- Прошу пана Колосовского...
Когда остались одни, Костя поднялся и взял котелки, стараясь не глядеть на посиневшее лицо предателя. Расстелил на соломе кожанку, предложил Сергею:
- Поднимись, поешь.
- Лихорадит, - открыл тот блестящие от внутреннего жара глаза и рукой прикоснулся к затылку, - Сверлит, нет мочи.
- Поешь, нам бигус принесли, - попробовал еду Костя, - кофе попей. Оно тебя взбодрит.
- Попить попью, а рубать не хочу. Во рту пересохло, голова кружится, и сил никаких... У-у, горечь, хуже полыни...

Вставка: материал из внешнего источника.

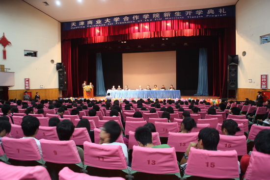 9月14日下午两点,合作学院在科学会堂举办了隆重的新生开学典礼。美国佛罗里达国际大学(以下简称 FIU )酒店与旅游管理学院院长Joan Remington 博士、助理院长Mohammad Qureshi 教授、项目总监卢朋博士、万豪国际酒店集团天津万豪行政公寓总经理Steven You 先生和冰球突破校长刘书瀚博士、国际教育学院院长寇小萱博士、教务处于义良处长、合作学院罗庆丰副书记,以及 FIU 的专业教师和合作学院全体教师参加了此次典礼。典礼由合作学院院长王文君博士主持。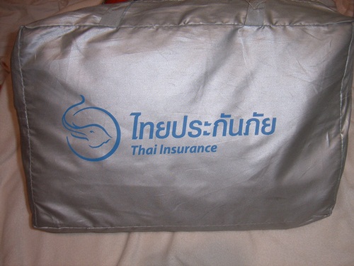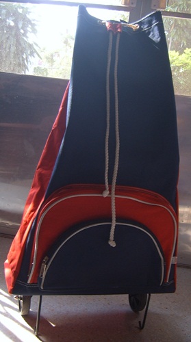 เป็นผ้าใบหนาอย่างดีสีน้ำเงินแถบแดง มีช่องซิบด้านหน้าสองชั้น

- Ну, покушай, Сережка! Прошу тебя, будь человеком!
- Чё ты как банный лист ко мне пристал? Ну, давай, давай... Да не смотри на меня так, будто я вот-вот копыта отброшу... Боюсь, вырвет... А ничё, жрать можно... Жаль Колосова. Вот мужик! Кедр сибирский... И не узнали, откуда он родом... Нет, не могу, Костя, душа не принимает.

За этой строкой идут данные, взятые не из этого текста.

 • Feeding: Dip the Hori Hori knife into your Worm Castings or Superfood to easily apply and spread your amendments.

Лисовский отставил котелки, пересел поближе к другу и положил его голову к себе на колени. Тело Сергея непроизвольно подергивалось, парень заворочался, удобней примащиваясь. Потом притих, только пальцы на руках сжимались и выпрямлялись. Костя не выдержал и задал вопрос, который давно вертелся на языке:
- Ты смог бы убить безоружного?
Сергей лежал на боку и после долгого молчания, когда Костя подумал, что он его не слышал, открыл воспаленные глаза и тихо проговорил:
- Под Ленинградом нас однажды окружили. Бомбили, стреляли, мины кидали. Ад кромешный. Сосед, сибиряк из самоходов, лапы в гору и в плен сдаваться. Кричал ему, совестил, матюками крыл, не слушает, совсем опупел. А до фрицев рукой подать. Под левую лопатку я ему пулей саданул... Тот из молодяков, к власовцам рядовым мог попасть, а этот - офицер!..

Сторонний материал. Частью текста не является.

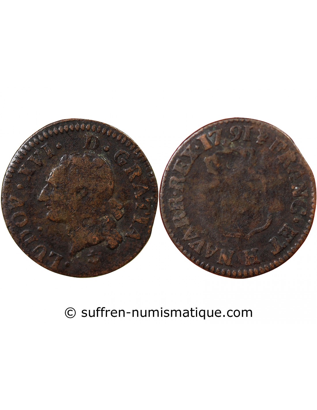 LOUIS XVI - LIARD A L'ECU 1791 H LA ROCHELLE

Странного и молчаливого старика привели под самый вечер. Высокий, сухопарый, с облысевшим черепом и редкими седыми волосами на висках. С гладко выбритого лица со множеством склеротических багровых прожилок на носу и щеках смотрели серые, будто размытые, непроницаемые глаза. Ввели его уважительно, без тычков, а он, не взглянув на аковцев, вышел на середину подвала и недвижно, как журавль, застыл, вперив взгляд в маленькое оконце под потолком.
Сергей приподнялся и сел. Внимательно оглядел немца, его клеенчатый макинтош, из-под которого выглядывал зеленый френч с золотым значком на лацкане. На пальце заметил золотой перстень с эмблемой - череп и кости. И все же сквозь внешнюю высокомерность и непроницаемость что-то жалкое, пришибленное проступало на морщинистом стариковском лице. С усилием встал и, пока Лисовский с недоумением следил за ним, пошатываясь, прошел в угол, сгреб свалявшуюся солому и перенес к месту, где они устроились. Взбил ее, накинул сверху свою кожанку и рукой сделал приглашающий жест.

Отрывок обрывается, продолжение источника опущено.